1. By a final, as distinguished from an eternal state, is here meant the last state of existence in a creature, whether that state go on for ever, in which case it is final and eternal, or whether it terminate in the cessation of that creature's being, which is a case of a state final, but not eternal. Whether the unhappy souls of men, who have incurred the last sentence of the natural law, shall exist for eternity, is not a question for philosophy to decide with certainty. The philosopher rules everything a priori, showing what must be, if something else is. Of the action of God in the world, he can only foretell that amount which is thus hypothetically necessary. Some divine action there is, of which the congruity only, not the necessity, is apparent to human eyes: there the philosopher can tell with probability, but not with certainty, what God will do. Other actions of God are wholly beyond our estimate of the reasons of them: we call them simply and entirely free. In that sphere philosophy has no information to render of her own; she must wait to hear from revelation what God has done, or means to do. Philosophers have given reasons of congruence, as they call them, for the reprobate sinner not being annihilated, and therefore for his final punishment being eternal. Those reasons go to evince the probability of eternal punishment, a probability which is deepened into certainty by revelation. We shall not enter into them here, but shall be content to argue that a term is set to the career of the transgressor, arrived at which he must leave hope behind of ever winning his way to happiness, or ever leading any other existence than one of misery.
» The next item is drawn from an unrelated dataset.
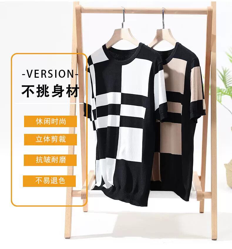 メンズニット半袖 Tシャツ夏のハイエンドスリムアイスシルクラウンドネックトップ薄いカジュアルチェック柄半袖 Tシャツ サマー 夏物 Oネック undao20329556144

2. The previous question has shown that some punishment must attend upon violation of the natural law. Suppose a trangressor has suffered accordingly for a certain time after death, what shall be done with him in the end? If he does not continue to suffer as long as he continues to be, then one of three things: he must either pass into happiness, or into a new state of probation, or his very punishment must be a probation, wherein if he behaves well, he shall be rewarded with happiness at last, or if ill, he shall continue in misery until he amend. All this speculation, be it understood, lies apart from revelation. If then the sufferer passed out of this world, substantially and in the main a good man, it is not unreasonable that, after a period of expiatory suffering for minor delinquencies, he should reach that happiness which is the just reward of his substantial righteousness. But what of him who closed his career in wickedness exceeding great? Mere suffering will never make of him a good man, or a fit subject for happiness. But the suffering may be probationary, and he may amend himself under the trial. Against that hypothesis philosophers have brought a priori arguments to show that the period of probation must end with the separation of the soul from the body. But waiving all such arguments, let us suppose that there might be probation after probation even in the world to come. But some human souls would continue obstinately and unrepentingly set in wickedness, age after age, and probation after probation: for the possible malice of the will is vastly great. What is to become of such obstinate characters? It seems against the idea of probation, that periods of trial should succeed one another in an endless series. It would be a reasonable rule in a university, that an undergraduate who had been plucked twenty-five times, should become ineligible for his degree. Coming after so many failures, neither would the degree be any ornament to him, nor he to the university. A soul cannot look for seasons without end of possible grace and pardon to shine upon it. The series of probations must end somewhere. And then? We are come round to where we began. When all the probation is over, the soul is found either in conformity with the natural law, which means ultimate happiness, or at variance with the law, and becomes miserable with a misery that shall never terminate, unless the soul itself ceases to be.